• EXTRACTED INFORMATION:

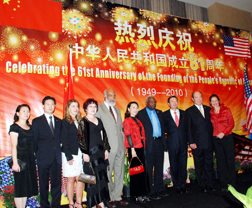 楊國強在致辭中回顧了中國建國61年來取得的重大成就。他說,中國保持持續(xù)、健康、快速發(fā)展的良好勢頭,經(jīng)濟社會各項事業(yè)穩(wěn)步推進(jìn),綜合國力不斷增強,國際地位日益提高。中美互利合作的友好關(guān)系為美國中西部和中國提供了巨大的機會。到去年底,有70個中國公司來到美國中西部開展業(yè)務(wù),投入近三億美元。在中西部,大約有三萬名學(xué)生現(xiàn)在學(xué)習(xí)中文,這里已經(jīng)建立了15所孔子學(xué)院供人們學(xué)習(xí)中國文化和語言。
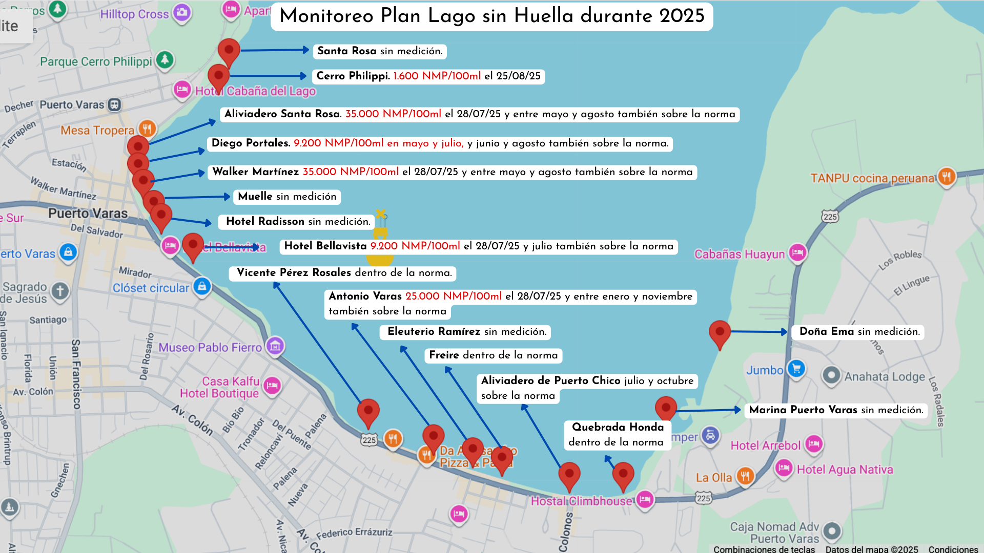 - A tres años del Plan Lago sin Huella: Lago Llanquihue sigue altamente contaminado con coliformes fecales hasta en 35 veces sobre la norma ambiental
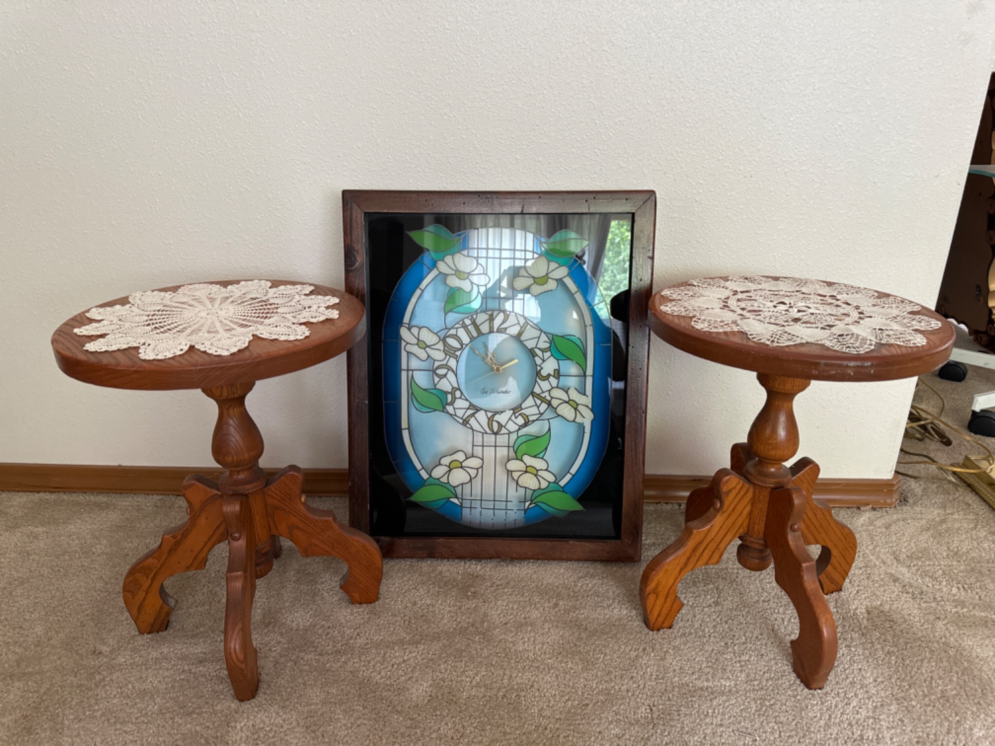 Antique Parlor Table Pair w/Faux Stained Glass Wall Clock Solid Wood Parlor tables: 13"D x 17"T - one stool had a moth or butterfly land its final resting place - It will need refinished. 2 hand bobbin crochet dollies Wood frame clock from Art Unlimited - Faux glass staining, some has started to slip away Frame is 2.75"D x 21"T x 17.25"W
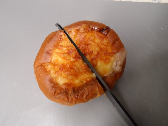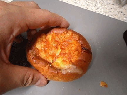 모닝롤 가운데를 파내어 그릇으로 만들어 줍니다.
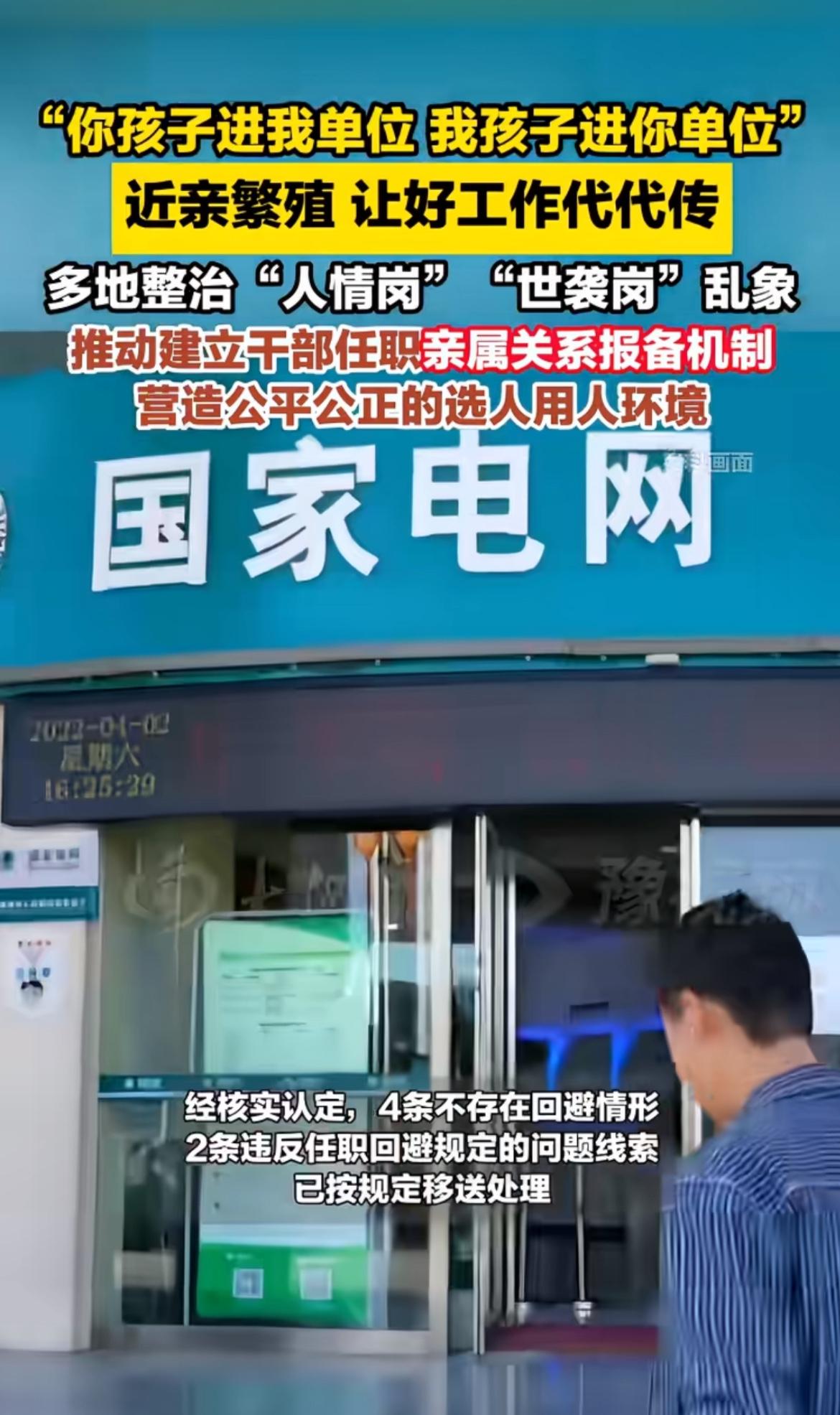 国家电网整顿“人情岗”这事儿,简直太赞了!以前在一些单位,“人情岗”现象可不少,有关系的人轻松入职,有能力没背景的却被拒之门外,这对社会公平是极大的伤害。 国家电网这次出手整顿,就是要打破这种不良风气。想象一下,那些靠着真才实学的人,不用再担忧被“关系户”挤掉机会,能凭借自己的本事进入电网工作。这不仅能让电网吸纳到更优秀的人才,也为其他企业树立了榜样。打造公平公正的选人用人环境,才能让大家更有干劲,国家电网这波整顿,值得一个大大的赞!
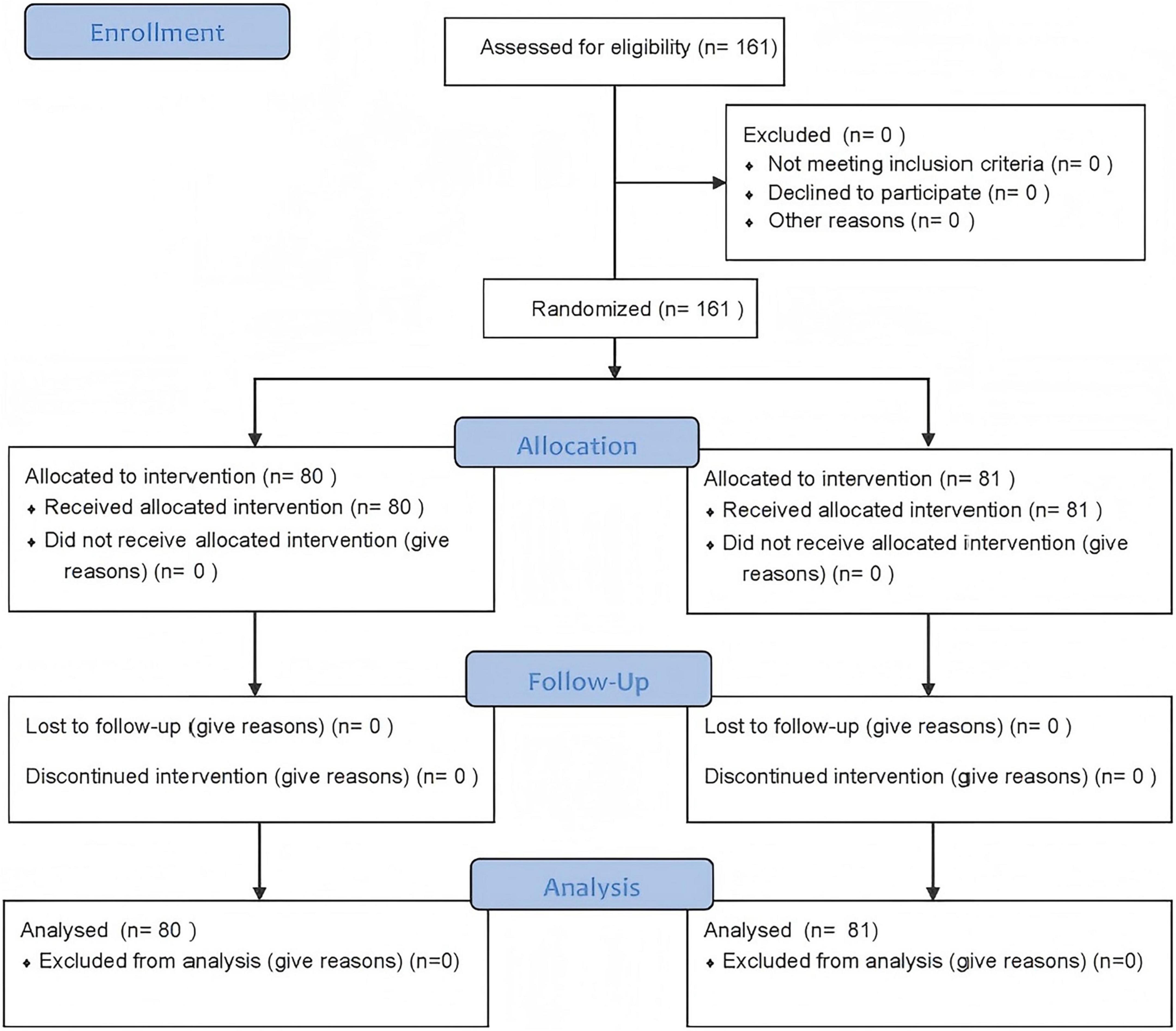 This study employed a cluster randomization method based on practical considerations such as school administration. Using all fifth-grade students at a primary school in Suzhou as the sampling frame, four fifth-grade classes were randomly selected. Subsequently, a researcher from the study team who would not participate in subsequent interventions or evaluations assigned these four classes numbers 1–4 and randomly divided them equally into two groups. The generated random allocation sequence was sealed in opaque envelopes and remained unopened until baseline data collection was completed. Another researcher then opened the envelopes and implemented the allocation to ensure the fairness of the process.
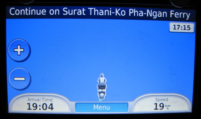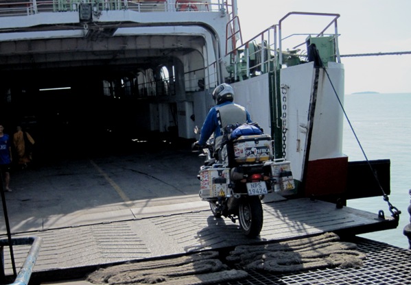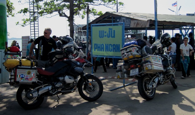 We arrived to find that luck was running with us, and managed to buy tickets on the last ferry leaving for Koh Panghan that day… We had covered more than 500 kilomteres since leaving Ban Krut, and after a very short wait, got our bikes onto the ferry…
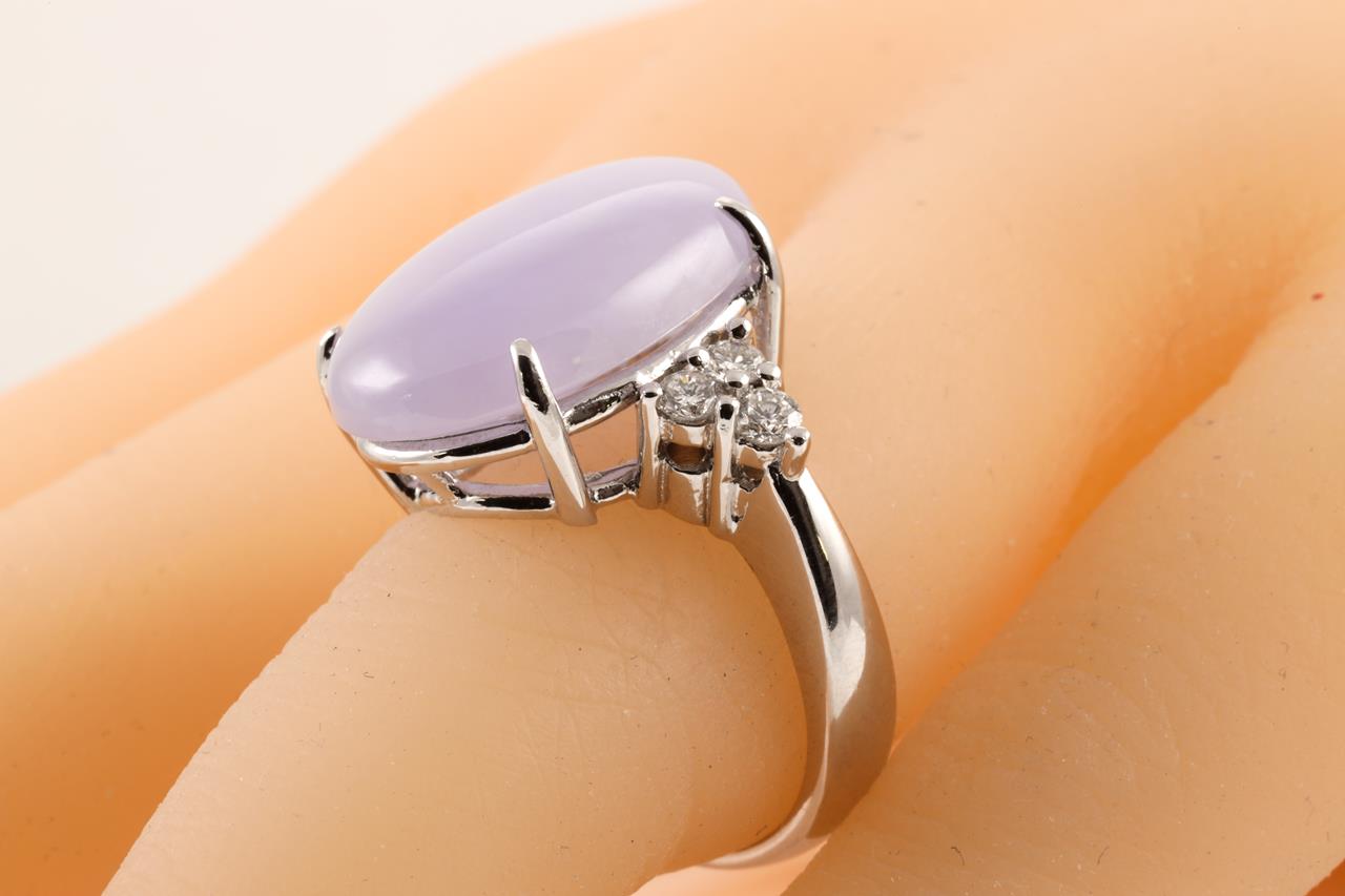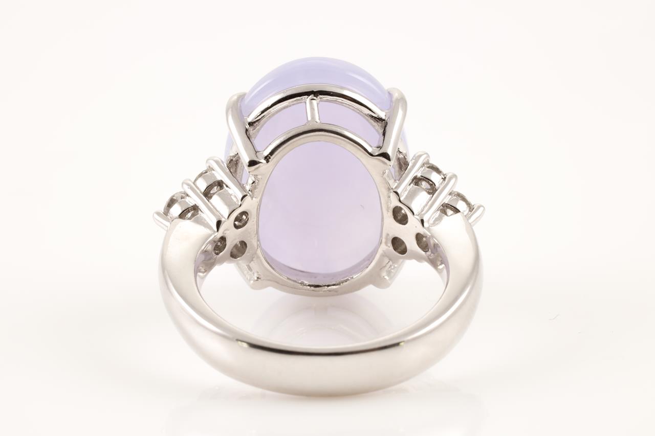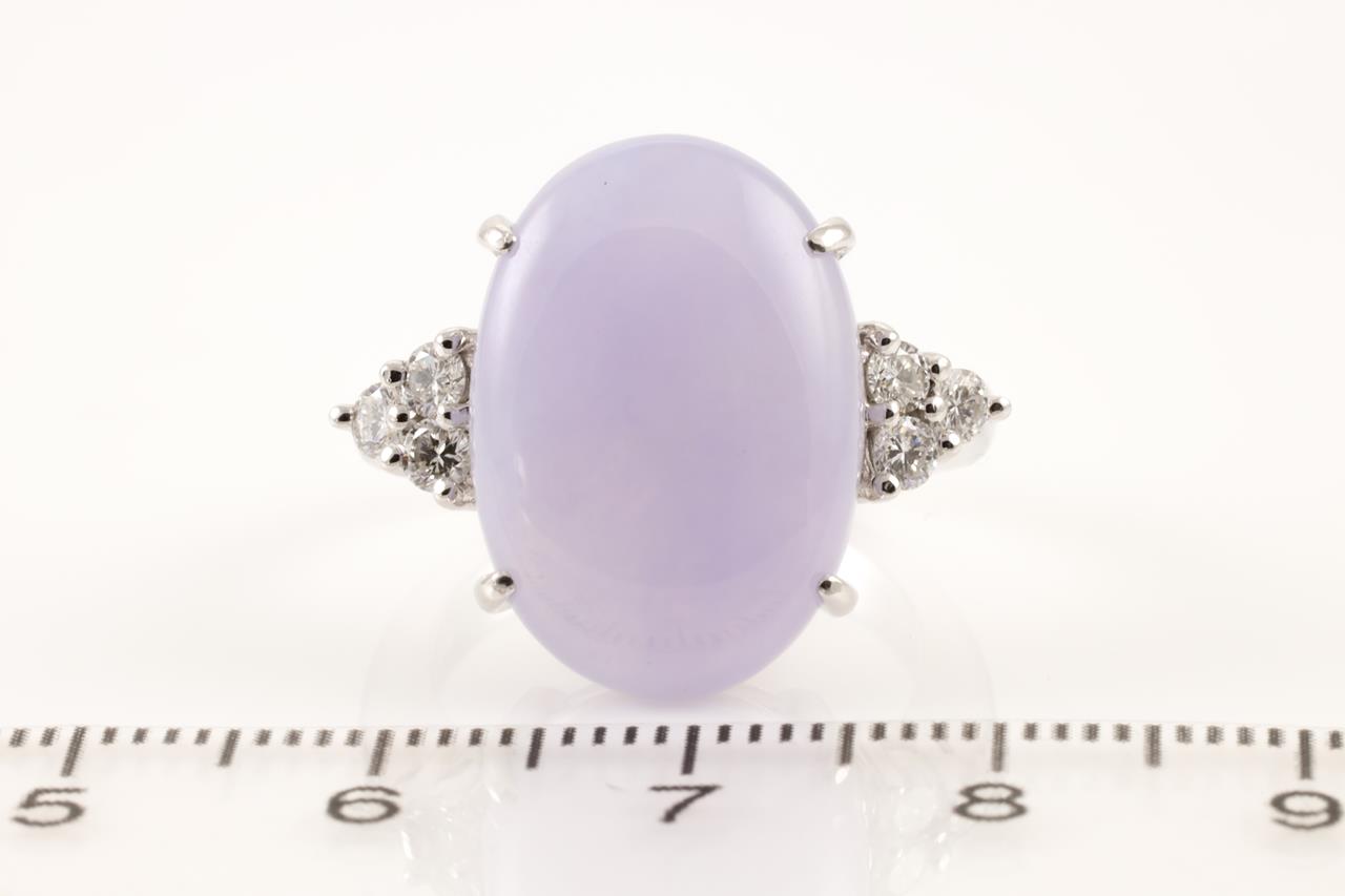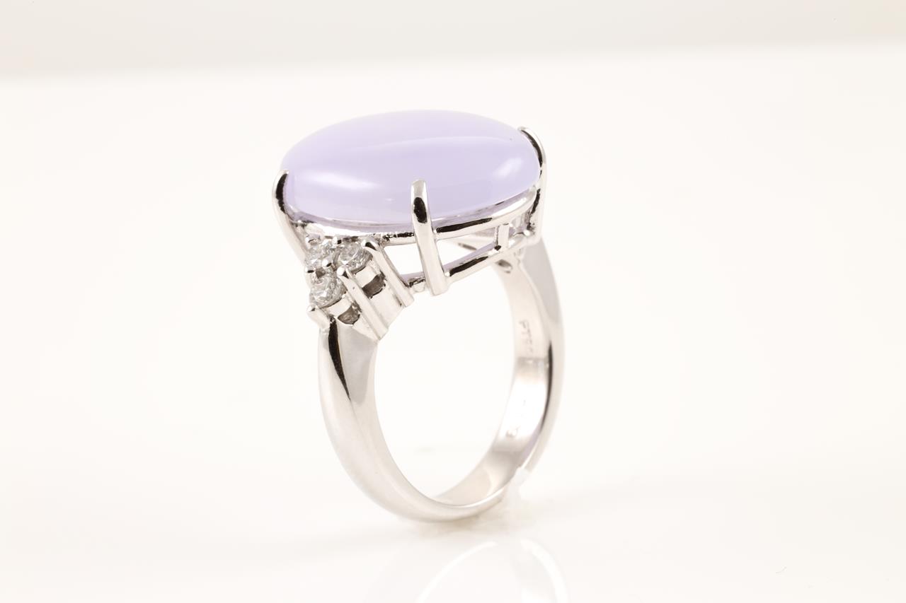 Jade and Diamond ring with oval cabochon cut natural translucent lavender Jadeite Jade of 12.86ct (with GEM identification report #DB7545) and Diamonds totalling 0.38cts (Estimated grading: G-H VS-SI). Platinum. Ring size L1/2 - cannot be resized up, down only with ring clip. Weight: 13g (Pre-owned)

• EXERCISE INSTRUCTIONS:
Pictures are not part of the copy; output everything else in the records exactly.

• SOLUTION:
 楊國強在致辭中回顧了中國建國61年來取得的重大成就。他說,中國保持持續(xù)、健康、快速發(fā)展的良好勢頭,經(jīng)濟社會各項事業(yè)穩(wěn)步推進(jìn),綜合國力不斷增強,國際地位日益提高。中美互利合作的友好關(guān)系為美國中西部和中國提供了巨大的機會。到去年底,有70個中國公司來到美國中西部開展業(yè)務(wù),投入近三億美元。在中西部,大約有三萬名學(xué)生現(xiàn)在學(xué)習(xí)中文,這里已經(jīng)建立了15所孔子學(xué)院供人們學(xué)習(xí)中國文化和語言。
 - A tres años del Plan Lago sin Huella: Lago Llanquihue sigue altamente contaminado con coliformes fecales hasta en 35 veces sobre la norma ambiental
 Antique Parlor Table Pair w/Faux Stained Glass Wall Clock Solid Wood Parlor tables: 13"D x 17"T - one stool had a moth or butterfly land its final resting place - It will need refinished. 2 hand bobbin crochet dollies Wood frame clock from Art Unlimited - Faux glass staining, some has started to slip away Frame is 2.75"D x 21"T x 17.25"W
 모닝롤 가운데를 파내어 그릇으로 만들어 줍니다.
 国家电网整顿“人情岗”这事儿,简直太赞了!以前在一些单位,“人情岗”现象可不少,有关系的人轻松入职,有能力没背景的却被拒之门外,这对社会公平是极大的伤害。 国家电网这次出手整顿,就是要打破这种不良风气。想象一下,那些靠着真才实学的人,不用再担忧被“关系户”挤掉机会,能凭借自己的本事进入电网工作。这不仅能让电网吸纳到更优秀的人才,也为其他企业树立了榜样。打造公平公正的选人用人环境,才能让大家更有干劲,国家电网这波整顿,值得一个大大的赞!
 This study employed a cluster randomization method based on practical considerations such as school administration. Using all fifth-grade students at a primary school in Suzhou as the sampling frame, four fifth-grade classes were randomly selected. Subsequently, a researcher from the study team who would not participate in subsequent interventions or evaluations assigned these four classes numbers 1–4 and randomly divided them equally into two groups. The generated random allocation sequence was sealed in opaque envelopes and remained unopened until baseline data collection was completed. Another researcher then opened the envelopes and implemented the allocation to ensure the fairness of the process.
 We arrived to find that luck was running with us, and managed to buy tickets on the last ferry leaving for Koh Panghan that day… We had covered more than 500 kilomteres since leaving Ban Krut, and after a very short wait, got our bikes onto the ferry…
 Jade and Diamond ring with oval cabochon cut natural translucent lavender Jadeite Jade of 12.86ct (with GEM identification report #DB7545) and Diamonds totalling 0.38cts (Estimated grading: G-H VS-SI). Platinum. Ring size L1/2 - cannot be resized up, down only with ring clip. Weight: 13g (Pre-owned)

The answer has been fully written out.